Enjoy Norifumi “Kid” Yamamoto while you can, because the Japanese sensation is not on the Randy Couture career plan, or even the Chuck Liddell longevity plan, for that matter.

Not even close.

Couture, 47, is still fighting. Liddell, at 41, recently retired. Yamamoto, a 33-year-old bantamweight, aims to crown his legacy with a UFC title and fight for two or three more years before walking away from the sport that made him famous in his homeland.

“I can fight when I’m older, but I don’t want to fight at that age,” said Yamamoto (18-3, 1 NC). “Maybe a couple more years and then I’ll quit. I always wanted to fight in the US and now the UFC has my weight (135), so it’s the right time. This is my last season.”

It’s been quite a wait – taking nearly a decade to finally land the ultra-aggressive knockout artist into the Octagon. For too long, when American fans debated the top bantamweights, it was begrudgingly wrapped in theory (which makes for a rather poor proving ground). Go back five years or so to when there was much talk about what would happen if Japan’s “Kid” clashed in a Super Fight with California’s “Kid” (Urijah Faber)? Miguel Angel Torres vs. Kid Yamamoto, who takes it?

 


Today, the competitive landscape is much more cluttered and other fighters have closed the gap. There is no shortage of potentially intriguing challenges for Yamamoto, beginning with UFC bantamweight champ Dominick Cruz, as well as the likes of Joseph Benavidez, England’s Brad Pickett and Scott Jorgensen, among others. Always one to speak his mind without a filter, Yamamoto recently raised eyebrows when he purportedly told a reporter for Japan’s Daily Sports that “there aren’t really any guys at my level” in the UFC’s 135-pound division.
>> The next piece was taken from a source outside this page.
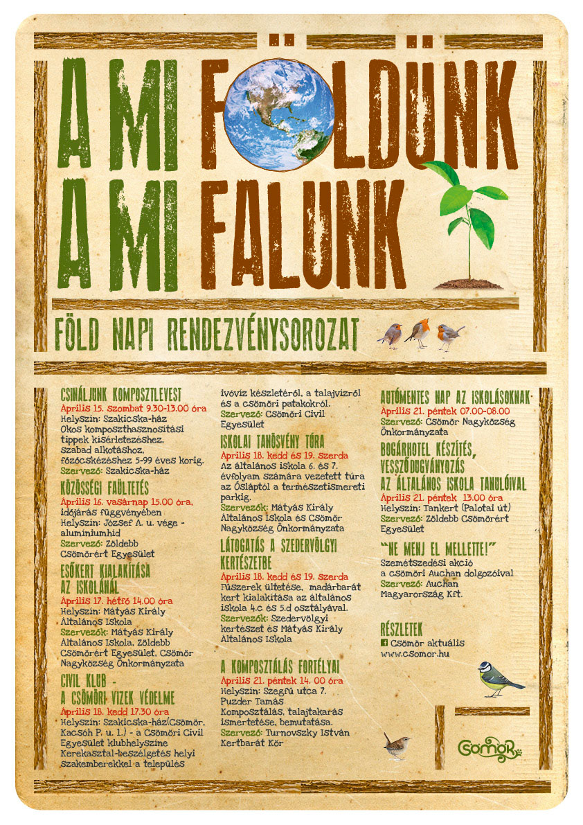 Április közepén 8 napon átívelő rendezvénysorozatra várják az érdeklődőket a Föld napja alkalmából. Az idei rendezvénysorozat önkormányzati és civil összefogással valósul meg, a szervezők között tudhatjuk az önkormányzat mellett a Csömöri Civil Egyesületet, a Mátyás Király Általános Iskolát, a Turnovszky István Kertbarát Kört, a Szakicska-házat, a Szedervölgyi Kertészetet, valamint a Zöldebb Csömörért Egyesületet is.

The media outfit also reported that Yamamoto, when asked about Dominick Cruz, called the reigning champ “nothing special” and added, “I’ll bring him down.”

Asked about the comments, Yamamoto defended his remarks as simply the way all great fighters must think. He chuckled several times while delivering his response, seemingly amused that people find such talk noteworthy or remarkable.

“Every fighter thinks like that. That’s natural,” Yamamoto said. “What am I supposed to say, ‘Oh, he’s better than me”? He’s stronger than me”?’ No way, I can take anybody! It’s so funny. It’s not a big deal (laughs). Tell everybody to chill out and not to get too excited. Everybody has to think that they are the best.”

This is Yamamoto’s ultimate chance to show, once and for all, that he is the standard by which all other 135ers should be measured. To reach the crème de la crème of the division, the frosty-haired, tanned showman must first repel Demetrious Johnson (12-1), his opponent at UFC 126 in Las Vegas. Matt Hume, Johnson’s coach and a former pro fighter who has trained, fought and judged in Japan, has followed Yamamoto’s entire career and probably knows the athlete’s tendencies as well as any American coach. Hume believes Yamamoto vs. Johnson pits the two fastest fighters in the world against each other. And he might be right.